Four banks are still paying out rock-bottom savings rates despite a succession of rate rises by the Bank of England over the past five months.
Barclays, the Government-backed National Savings & Investments, Allied Irish Bank and Citibank UK are still offering just 0.01pc interest on certain easy access accounts, according to analyst Moneyfacts.
This is despite the Bank of England raising base interest rates to their highest level since 2009. The Bank Rate is now 1.25pc after rising by 0.25 percentage points.
Banks have left savers exposed to rampant inflation by neglecting to pass on higher interest rates.
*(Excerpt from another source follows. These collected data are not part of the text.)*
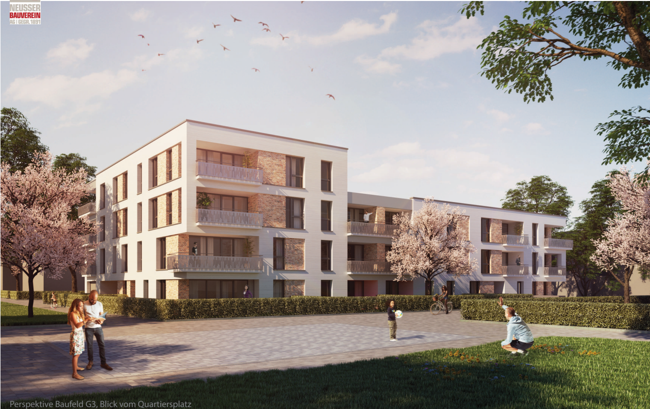
Perspektive Baufeld G3, Blick vom Quartiersplatz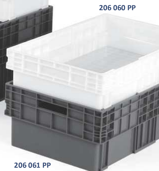
206 060 PP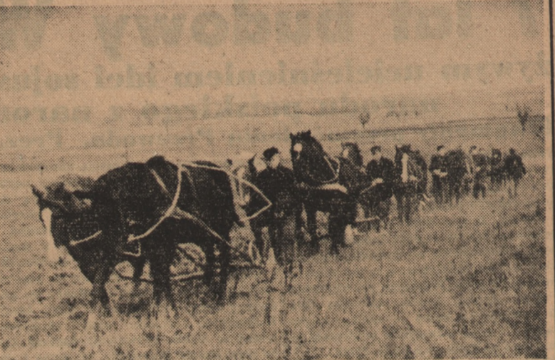
W styczniu rb. trzydziestu chłopów z gromady Postolin w woj. gdańskim zorganizowało zespół uprawowy. Dzięki łagodnej zimie zespół ten przystąpił już do pierwszych wspólnych orki. Na zdjęciu: Chłopi zrzeszeni w zespole uprawowym podczas orki.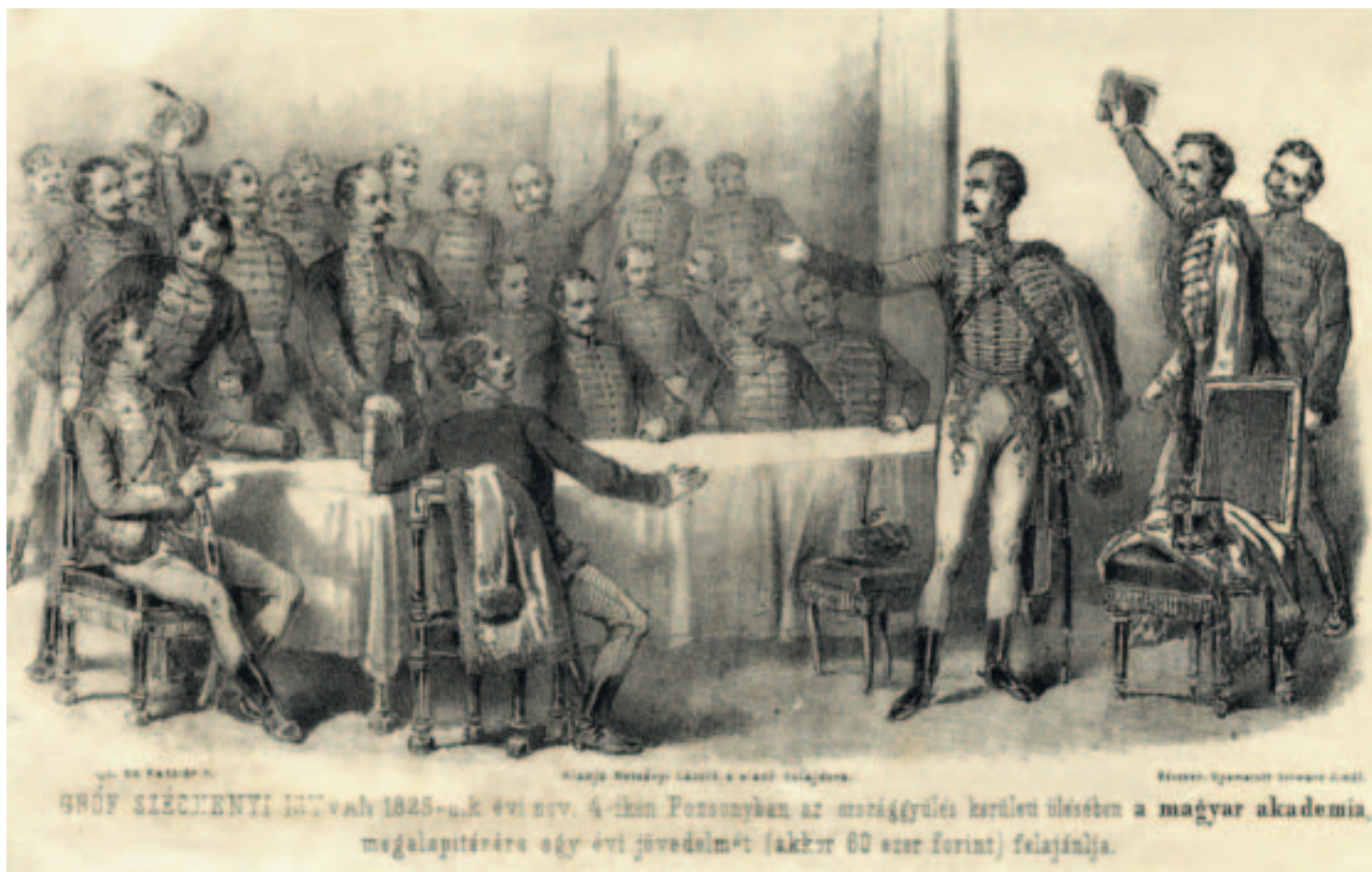
GRÖF SZÉCHENYI ISTVÁN 1825-évi évi bev. 4-ikén Pozsonyban az országgyűlés kerületi ülésében a magyar akadémia megalapítására egy évi jövedelmét (akkor 60 ezer forint) felajánlja.

A híres jelenetet a neves osztrák művész a szemtanúk fennmaradt beszámolói alapján örökítette meg, és ma így él az utókor emlékezetében. Hasonlóképp ábrázolja Holló Barnabás is e történelmi pillanatot az Akadémia palotájának falán 1893-ban elhelyezett domborművén.

The Bank of England has forecast inflation to climb to 11pc this year, the highest rate in almost four decades.
It means a saver with £10,000 in an easy access account paying 0.01pc would accrue just £1 of interest over the course of a year. But the real value after 11pc inflation had eroded the pot would be £9,010 – a loss of £991, according to analyst Savings Champion.
Anna Bowes, of the company, said: “After less than seven years your money will have halved in value. It would be worth £4,820 after seven years, a loss of £5,187. It’s really scary stuff.”
No accounts come close to matching the current 9pc rate of inflation.
Sarah Coles, of stockbroker Hargreaves Lansdown, said: “The biggest issue is banks have so much cash at the moment after so many people deposited savings during lockdowns, and while it remains that way they have no incentive to increase rates.
“So savers really can’t be lulled into a false sense of hope, they really need to move for a better rate.”
None of the high street banks have passed on all four Bank Rate rises to customers.
A spokesman for Barclays said the bank was currently reviewing its savings rates in light of yesterday’s Bank of England decision, while an NS&I spokesman said it regularly reviewed its rates and recommended changes to HM Treasury “it believed were appropriate”. Allied Irish and Citibank UK did not respond to requests for comment.